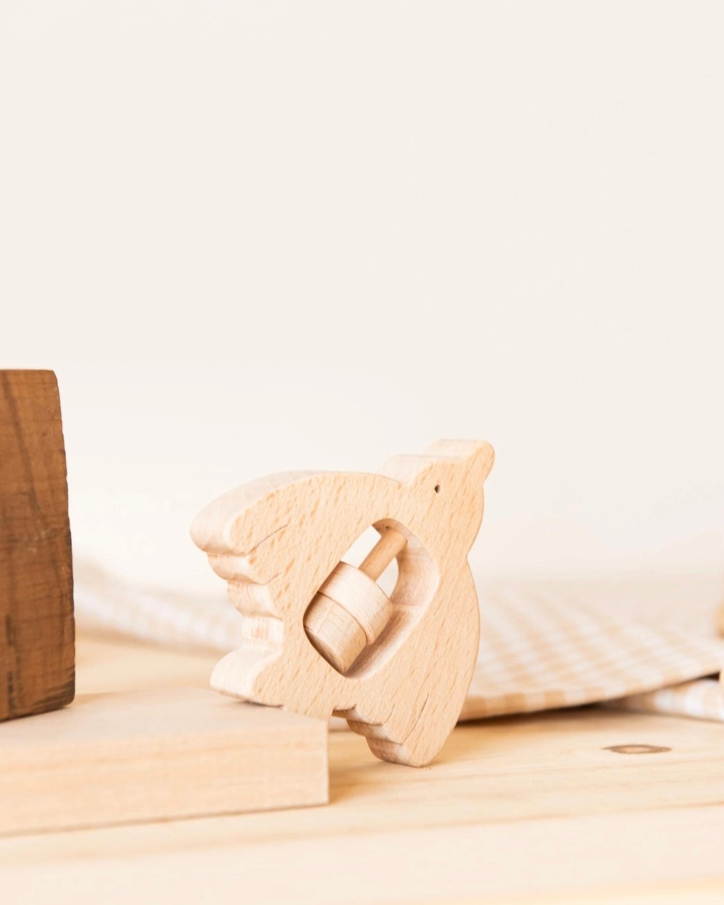 Un jouet en bois brut, sans vernis ni produits, à offrir dès la naissance. Un objet qui va traverser le temps, que ce soit entre de petites mains ou en décoration. Pour jouer avec poésie et simplicité, et s’éveiller au monde doucement.
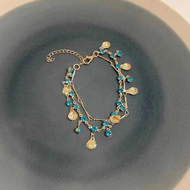 צמיד קריסטל כחול רומנטי צרפתי עם תליוני צדפה לנשים (משלוח חינם)
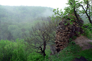 Lapikus byl postaven mezi lety 1365-1380 a byl pobořen vojsky Matyáše Korvína v letech 1468-1471. Pod Lapikusem stával pravděpodobně další mlýn, jehož zbytky se našly při zakládání dávno zrušené lesní školky. V údolí potoka za Lapikusem roste několik majestátných starých jilmů a údolí se maličko rozšiřuje k soutoku s řekou, kde je další říční brod na cestě do Plavče. Po překonání Jevišovky okolo Culpovského mlýna dojdete do Plavče, kde je opět možnost občerstvení a také zastávka autobusu.
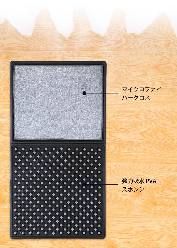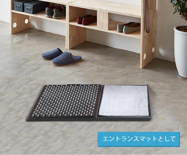 強力に水分を吸収するマイクロファイバークロスで、しっかり靴底を拭き取るので、水が玄関先を濡らすこともありません。
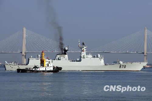 8月21日,中國(guó)海軍赴亞丁灣、索馬里海域執(zhí)行護(hù)航任務(wù)的第二批艦艇編隊(duì)“深圳”號(hào)導(dǎo)彈驅(qū)逐艦、“黃山”號(hào)導(dǎo)彈護(hù)衛(wèi)艦、“微山湖”號(hào)綜合補(bǔ)給艦及800余護(hù)航將士凱旋歸來(lái),圓滿完成護(hù)航任務(wù)后順利返回湛江某軍港。圖為“黃山”號(hào)導(dǎo)彈護(hù)衛(wèi)艦駛向軍港碼頭。 中新社發(fā) 孫自法 攝
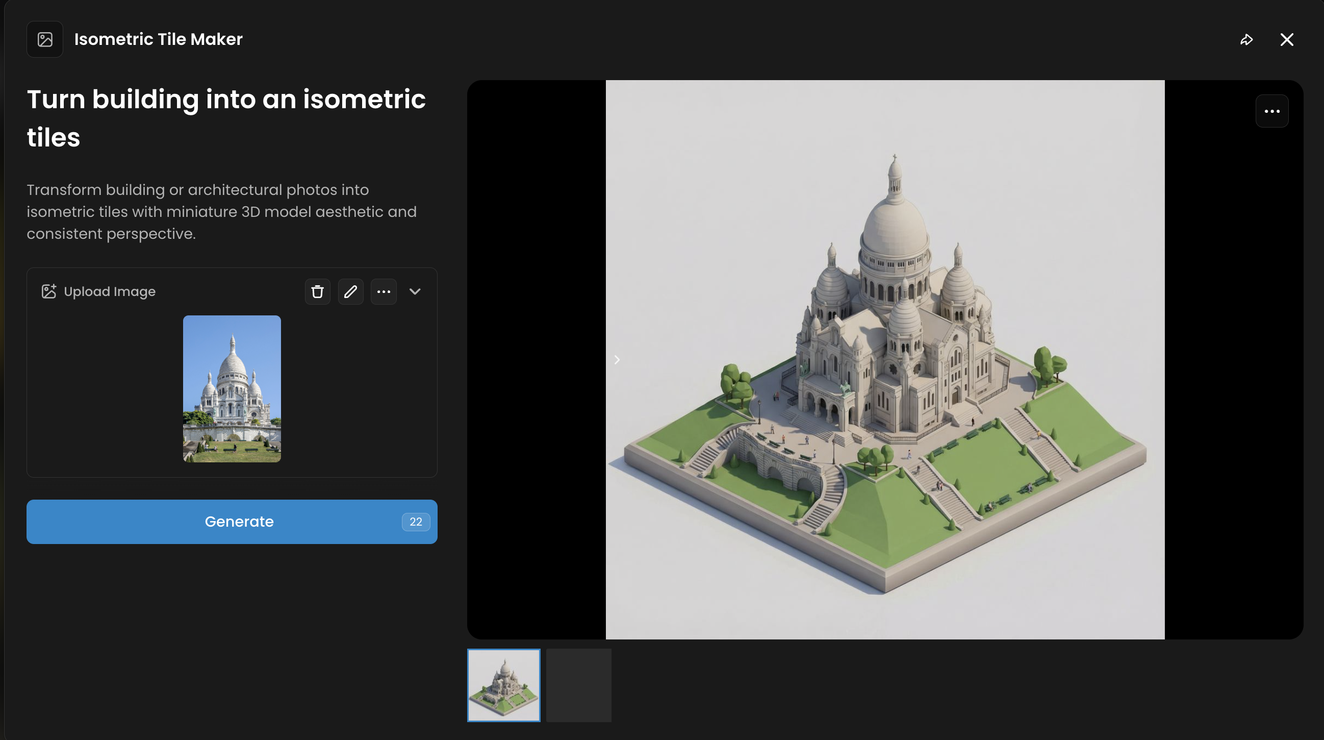 Generates seamless tiles for building isometric maps. All tiles share perspective and style, making it easy to construct levels.
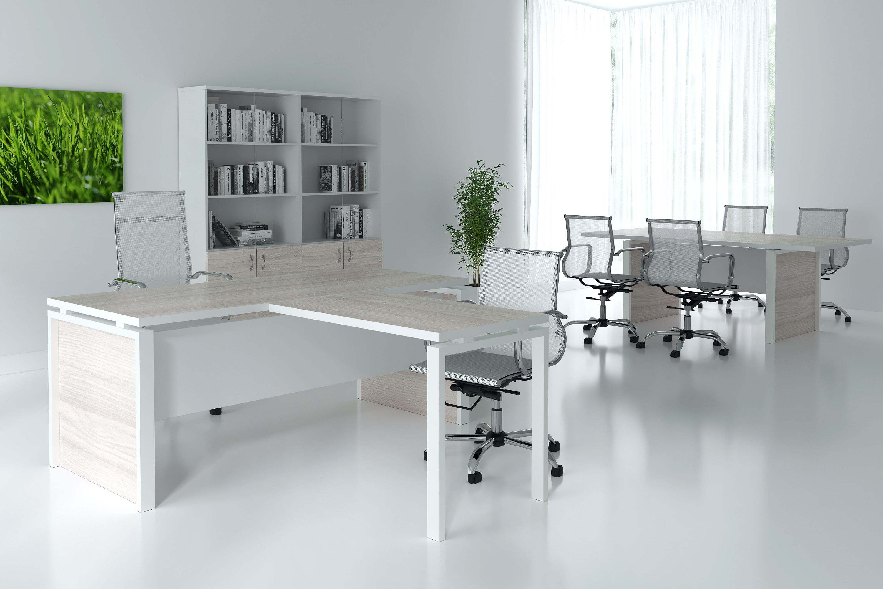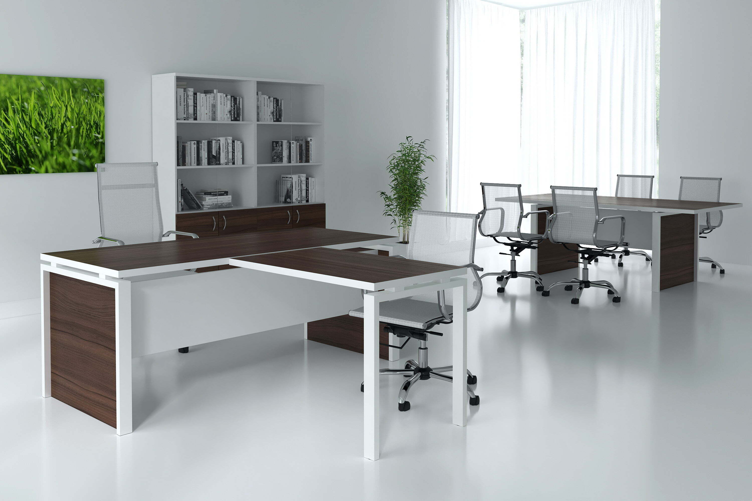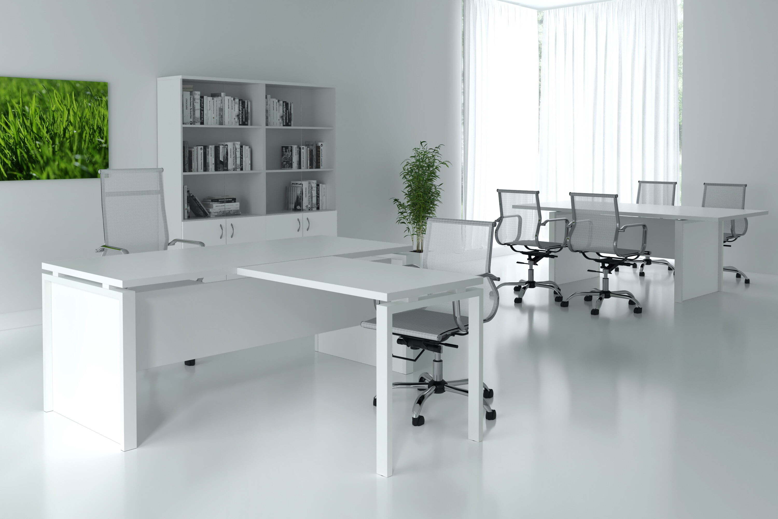Мебель для переговоров Steel Evo представляет собой эталон современного стиля и функциональности. Элегантные линии, строгий внешний вид и высококачественные материалы делают этот комплект идеальным выбором для современных деловых пространств. Столешницы столов выполнены из ЛДСП толщиной 32 мм, что обеспечивает прочность и долговечность. Такой подход к дизайну и функциональности демонстрирует, что Steel Evo не только стильная, но и практичная мебель, которая прекрасно впишется в любой офисный интерьер и создаст комфортную атмосферу для продуктивных переговоров.
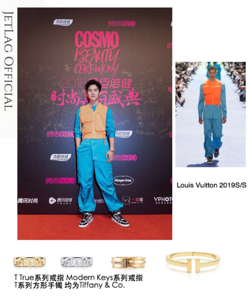 20181204 Lưu Hạo Nhiên tham dự sự kiện Cosmo Beauty, đeo trang sức của Tiffany & Co. bao gồm: vòng tay thuộc dòng T, nhẫn thuộc dòng T True, nhẫn thuộc dòng Modern Keys.
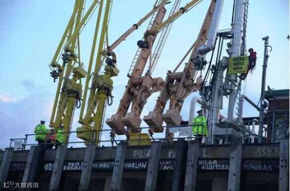 警方希望将一名爬上码头的抗议者赶走,该抗议者挡住了卸货管道。(Saf Suleyman 照片由绿色和平组织提供)
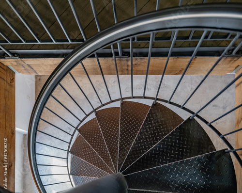 © Suhaino, Fototapeta premium A top-down artistic view of a spiral staircase at Schloss Drachenburg, featuring a striking mix of metal and wood elements, highlighting industrial design with geometric patterns.
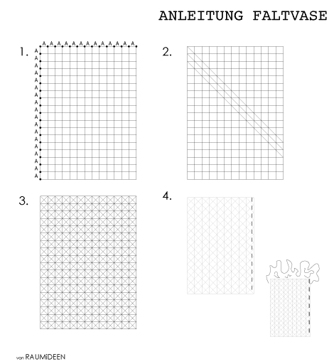 1. Einen DIN A4 Bogen Papier (120g) horizontal und vertikal in gleichmäßige Abstände teilen. An der Unterseite der Längsseite wird ein Rest bleiben, diesen abschneiden. Mit einem Falzbein (eine Nadel geht auch) entlang eines Lineals in Längs- und Querrichtung einfalzen.
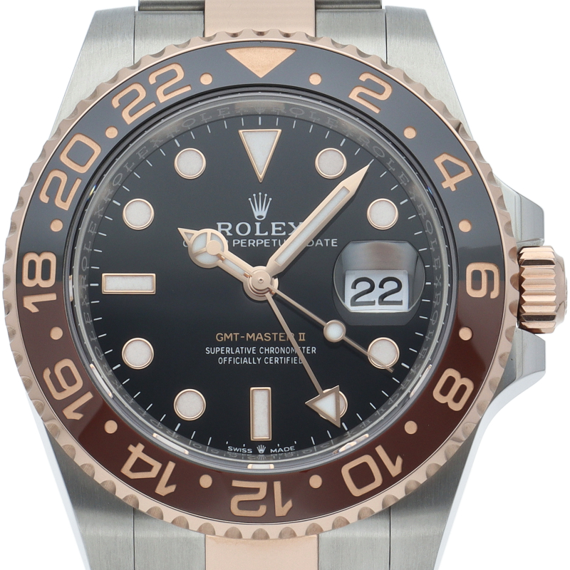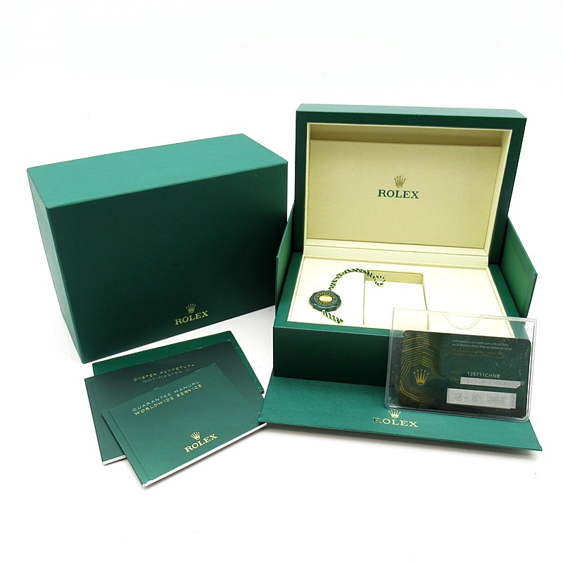 セラクロムベゼルでのGMTマスター2。ロレックスの最新ムーブメント「Cal.3285」を搭載しており、エネルギー効率が最適化されたクロナジー脱進機、テンプを衝撃から守る為の耐震装置パラフレックス ショック・アブソーバそして70時間ものロングパワーリザーブとロレックスの最新技術を駆使したムーブメントになっています。
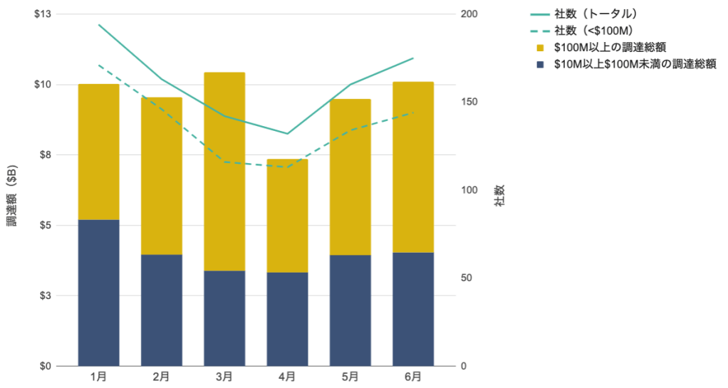 下のグラフは、1000万ドル以上増資したアメリカのベンチャーについて増資総額(棒)と社数(折れ線)を今年の1月から6月まで月ごとに表示したもの。黄色はその中でも1億ドル以上の調達の総額(とても多い)。緑は、実線がトータルの社数、破線が1億ドル未満の増資をした社数である(要はちょっとの社数で莫大に調達している、ということ)。
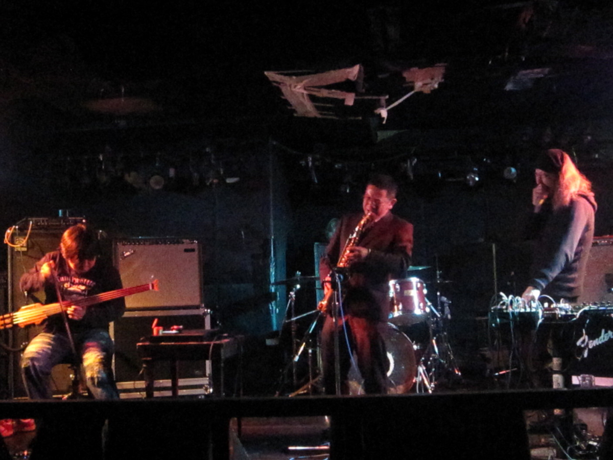 90年代ジャパノイズの中心的バンド「C.C.C.C.」を率いたノイジシャン長谷川洋(別名ASTRO)が80年代にサックス奏者の佐々木悟と組んでいたプロジェクト「解体飼育団」は、昨年秋にユニット「長谷川静男」の内田静男を加えて27年ぶりに復活した。長谷川が放射するスペーシーなハーシュノイズ、佐々木のクールなサックス、内田静男のエフェクトをかけたベースが三つ巴となり、ノイズでもフリージャズでもドローンでもない芳醇な世界が広がる。展開らしい展開のない40分の轟音に、全てを忘れてただひたすら身を任せるという甘美な歓びに浸った。
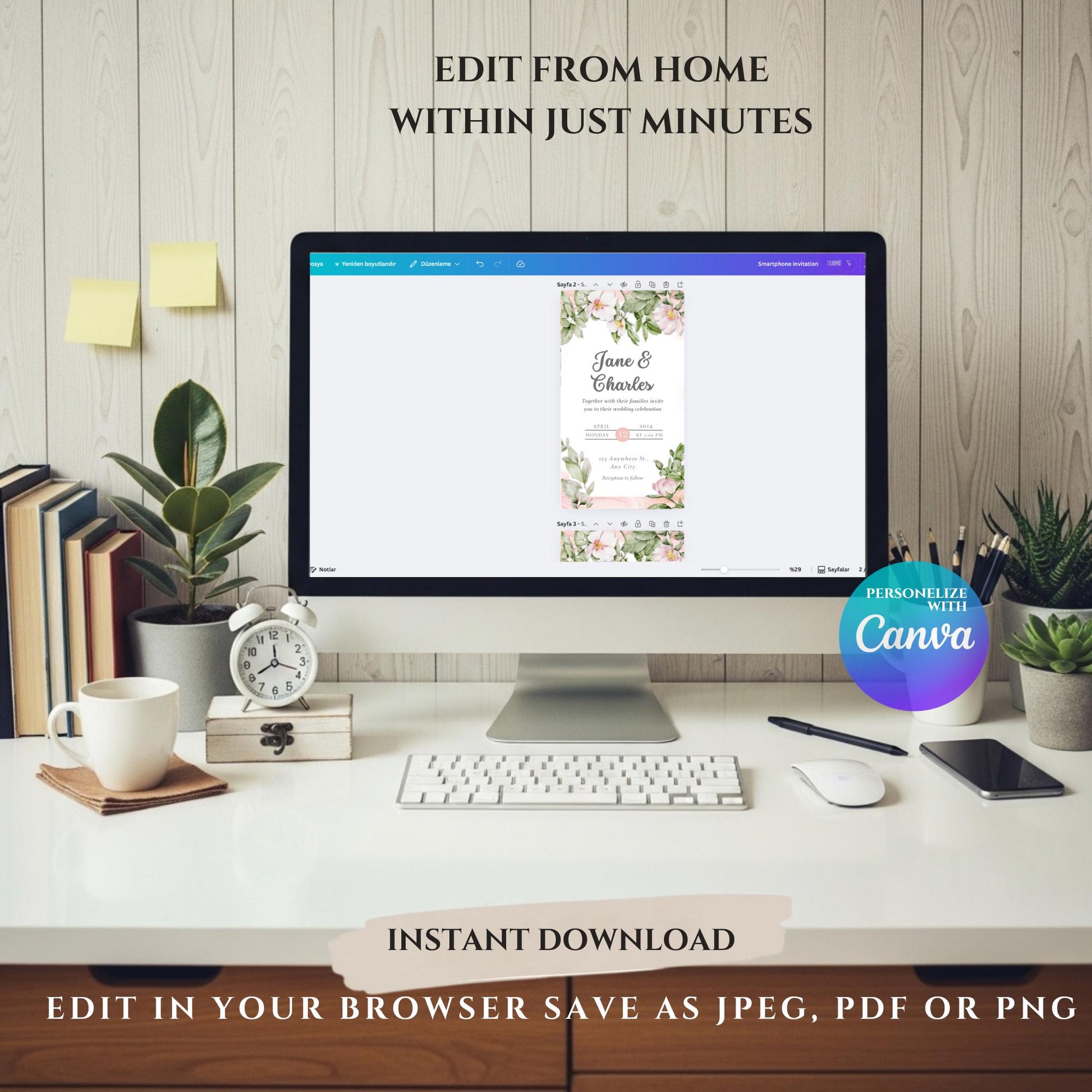 Perfect for the eco-conscious couple, this digital invite is easy to customize in Canva and send via smartphone, email, or social media. No software needed, edit instantly from your browser!
-*-
*Brief*: Set down every entry above again exactly, dropping each picture.

*Problem solution*:
 Un jouet en bois brut, sans vernis ni produits, à offrir dès la naissance. Un objet qui va traverser le temps, que ce soit entre de petites mains ou en décoration. Pour jouer avec poésie et simplicité, et s’éveiller au monde doucement.
 צמיד קריסטל כחול רומנטי צרפתי עם תליוני צדפה לנשים (משלוח חינם)
 Lapikus byl postaven mezi lety 1365-1380 a byl pobořen vojsky Matyáše Korvína v letech 1468-1471. Pod Lapikusem stával pravděpodobně další mlýn, jehož zbytky se našly při zakládání dávno zrušené lesní školky. V údolí potoka za Lapikusem roste několik majestátných starých jilmů a údolí se maličko rozšiřuje k soutoku s řekou, kde je další říční brod na cestě do Plavče. Po překonání Jevišovky okolo Culpovského mlýna dojdete do Plavče, kde je opět možnost občerstvení a také zastávka autobusu.
 強力に水分を吸収するマイクロファイバークロスで、しっかり靴底を拭き取るので、水が玄関先を濡らすこともありません。
 8月21日,中國(guó)海軍赴亞丁灣、索馬里海域執(zhí)行護(hù)航任務(wù)的第二批艦艇編隊(duì)“深圳”號(hào)導(dǎo)彈驅(qū)逐艦、“黃山”號(hào)導(dǎo)彈護(hù)衛(wèi)艦、“微山湖”號(hào)綜合補(bǔ)給艦及800余護(hù)航將士凱旋歸來(lái),圓滿完成護(hù)航任務(wù)后順利返回湛江某軍港。圖為“黃山”號(hào)導(dǎo)彈護(hù)衛(wèi)艦駛向軍港碼頭。 中新社發(fā) 孫自法 攝
 Generates seamless tiles for building isometric maps. All tiles share perspective and style, making it easy to construct levels.
Мебель для переговоров Steel Evo представляет собой эталон современного стиля и функциональности. Элегантные линии, строгий внешний вид и высококачественные материалы делают этот комплект идеальным выбором для современных деловых пространств. Столешницы столов выполнены из ЛДСП толщиной 32 мм, что обеспечивает прочность и долговечность. Такой подход к дизайну и функциональности демонстрирует, что Steel Evo не только стильная, но и практичная мебель, которая прекрасно впишется в любой офисный интерьер и создаст комфортную атмосферу для продуктивных переговоров.
 20181204 Lưu Hạo Nhiên tham dự sự kiện Cosmo Beauty, đeo trang sức của Tiffany & Co. bao gồm: vòng tay thuộc dòng T, nhẫn thuộc dòng T True, nhẫn thuộc dòng Modern Keys.
 警方希望将一名爬上码头的抗议者赶走,该抗议者挡住了卸货管道。(Saf Suleyman 照片由绿色和平组织提供)
 © Suhaino, Fototapeta premium A top-down artistic view of a spiral staircase at Schloss Drachenburg, featuring a striking mix of metal and wood elements, highlighting industrial design with geometric patterns.
 1. Einen DIN A4 Bogen Papier (120g) horizontal und vertikal in gleichmäßige Abstände teilen. An der Unterseite der Längsseite wird ein Rest bleiben, diesen abschneiden. Mit einem Falzbein (eine Nadel geht auch) entlang eines Lineals in Längs- und Querrichtung einfalzen.
 セラクロムベゼルでのGMTマスター2。ロレックスの最新ムーブメント「Cal.3285」を搭載しており、エネルギー効率が最適化されたクロナジー脱進機、テンプを衝撃から守る為の耐震装置パラフレックス ショック・アブソーバそして70時間ものロングパワーリザーブとロレックスの最新技術を駆使したムーブメントになっています。
 下のグラフは、1000万ドル以上増資したアメリカのベンチャーについて増資総額(棒)と社数(折れ線)を今年の1月から6月まで月ごとに表示したもの。黄色はその中でも1億ドル以上の調達の総額(とても多い)。緑は、実線がトータルの社数、破線が1億ドル未満の増資をした社数である(要はちょっとの社数で莫大に調達している、ということ)。
 90年代ジャパノイズの中心的バンド「C.C.C.C.」を率いたノイジシャン長谷川洋(別名ASTRO)が80年代にサックス奏者の佐々木悟と組んでいたプロジェクト「解体飼育団」は、昨年秋にユニット「長谷川静男」の内田静男を加えて27年ぶりに復活した。長谷川が放射するスペーシーなハーシュノイズ、佐々木のクールなサックス、内田静男のエフェクトをかけたベースが三つ巴となり、ノイズでもフリージャズでもドローンでもない芳醇な世界が広がる。展開らしい展開のない40分の轟音に、全てを忘れてただひたすら身を任せるという甘美な歓びに浸った。
 Perfect for the eco-conscious couple, this digital invite is easy to customize in Canva and send via smartphone, email, or social media. No software needed, edit instantly from your browser!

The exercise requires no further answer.